А «миллион народа» все двигался и двигался, говорил, кричал, толкался, торопился, нервничал...
Хозяина и гостей в квартире профессора встретила довольно толстая, круглолицая Мария Ивановна.
Перецеловались, перезнакомились в прихожей...
— Проходите сюда!— позвал размашистый, великодушный профессор.— Иван!..
— Да, папа?
— Не ты, Иван-гость. Ну и ты — давайте сюда! Иван-сын, как у тебя день?
— У меня лекции. Я отпросился тебя встретить.
— «Лекции», «лекции»,— недовольно заметил профессор.— Поговорил бы лучше с живыми людьми — это не социологические столбики с цифрами...
— Социология — это как раз живые люди,— отрезал сын.— Вечером мы с удовольствием поговорим.
— Вечером у вас Дом кино, театр, друзья... Послушал бы, правда. Иван, расскажи ему про учительницу...
Где-то в одной из комнат затрещал телефон. Иван-сын скоро пошел туда.
— А ведь какая видимость деятельности!— все ворчал профессор.

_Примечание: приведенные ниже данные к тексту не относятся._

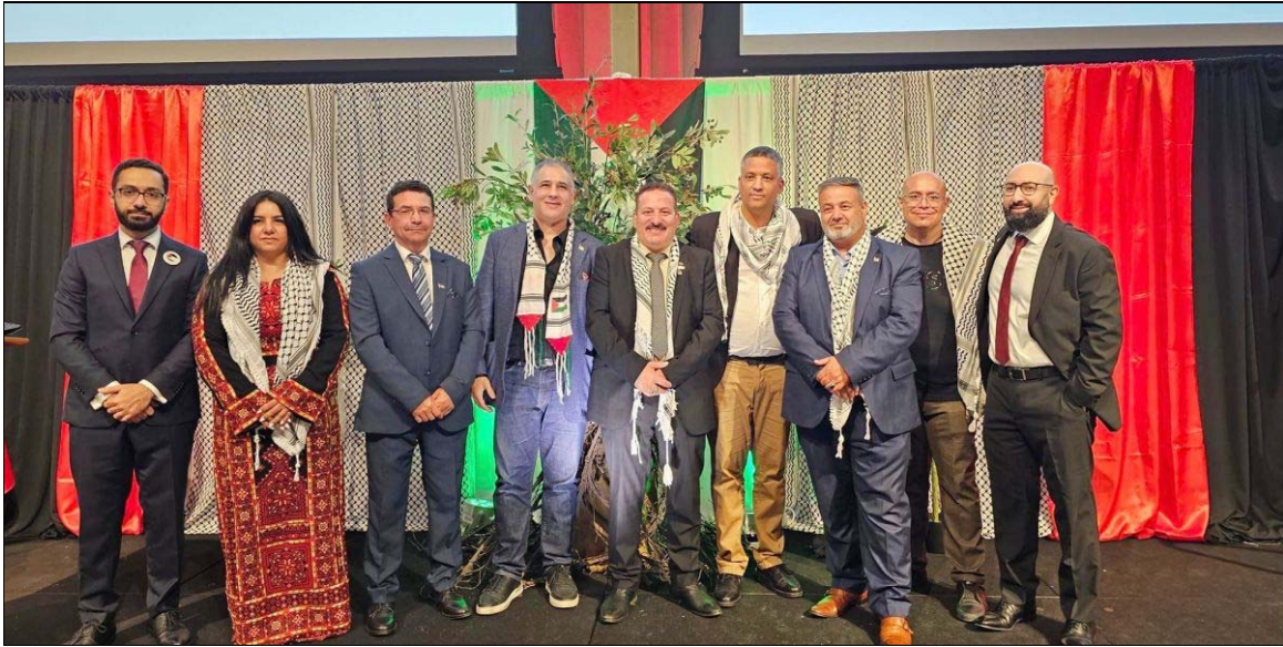
June 13, Palestine Day on Parliament Hill
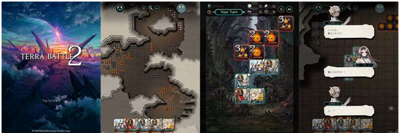
Screenshots from left to right: Title Screen, Field Map, Battle Scene, Event Scene
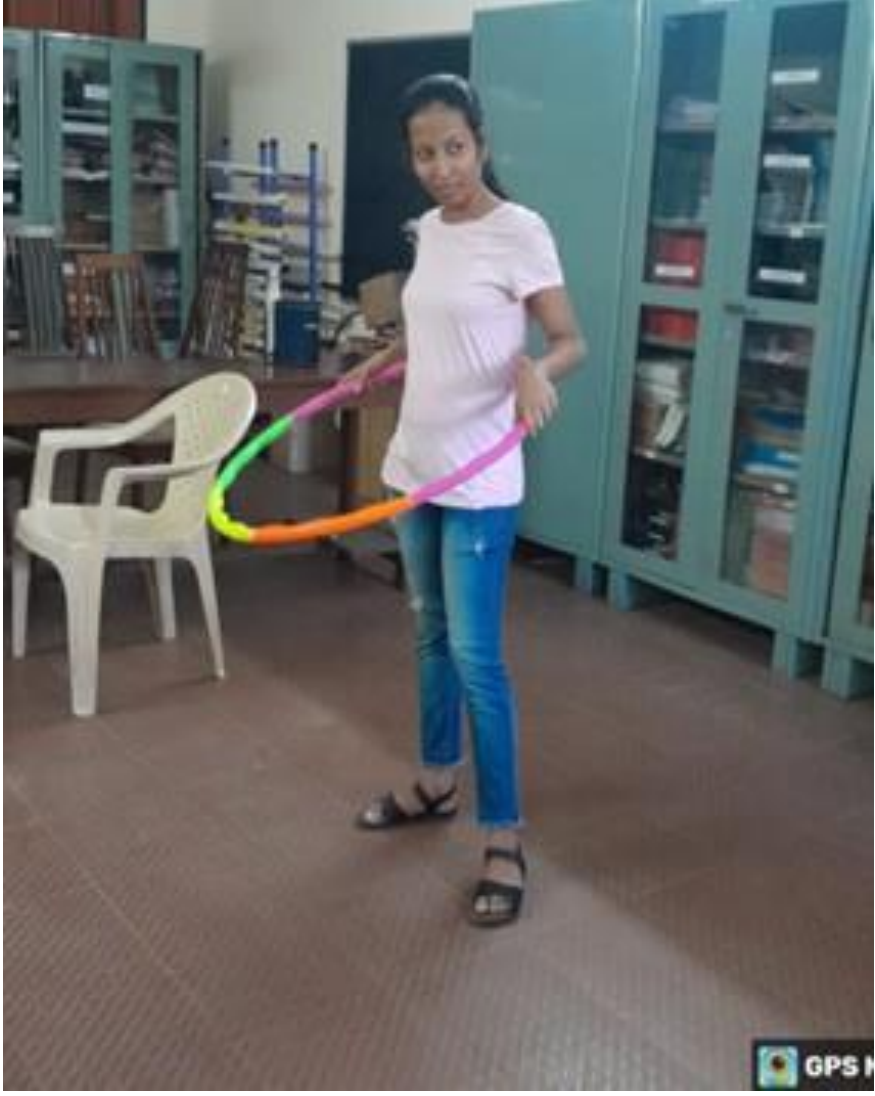
Figure 3 HULA HOOP

As the student teachers eagerly anticipated the outdoor games to follow, they carried with them the memories of a memorable day filled with sportsmanship, teamwork, and unforgettable experiences.
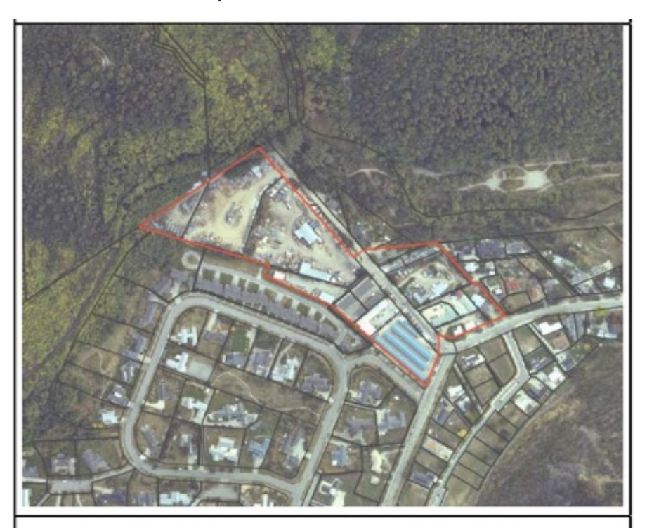
Aerial photo of subject site showing area of the submitter's re-zoning request outlined in red.
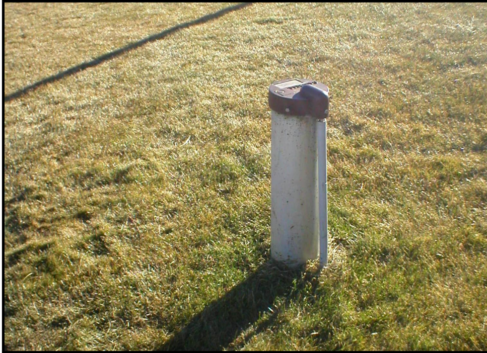
Photo 1. Old Greycliff EB well head.

Иван и Нюра не понимали: всерьез профессор чем-то недоволен или же это такая его манера говорить дома?
— Папа, тебя!— позвал сын.
Профессор пошел к телефону.
Супруги Расторгуевы на малое время остались одни.
— Опять вылетел с языком?— сердито, негромко заговорила Нюра.— Чего рассказывал про учительницу-то? Про какую учительницу?
— Да это... про Федорову...
— Тьфу! Вот пропишут куда-нибудь в газету!.. Сказал — рассказал такой-то. Чего рассказывал-то?
Иван лихорадочно обдумывал положение.
— Ну, во-первых, можно сказать, что я был выпивши... Спьяну молол. Так? Потом, я говорил, что она получает сто рублей... Но я же забыл алименты! Сорок семь рублей алиментов. Сто сорок семь — не такая уж это бедность.
— Дрова бесплатно привозют,— подсказала Нюра.
— Налогов меньше. Телефон провели, а мне, допустим, фигу…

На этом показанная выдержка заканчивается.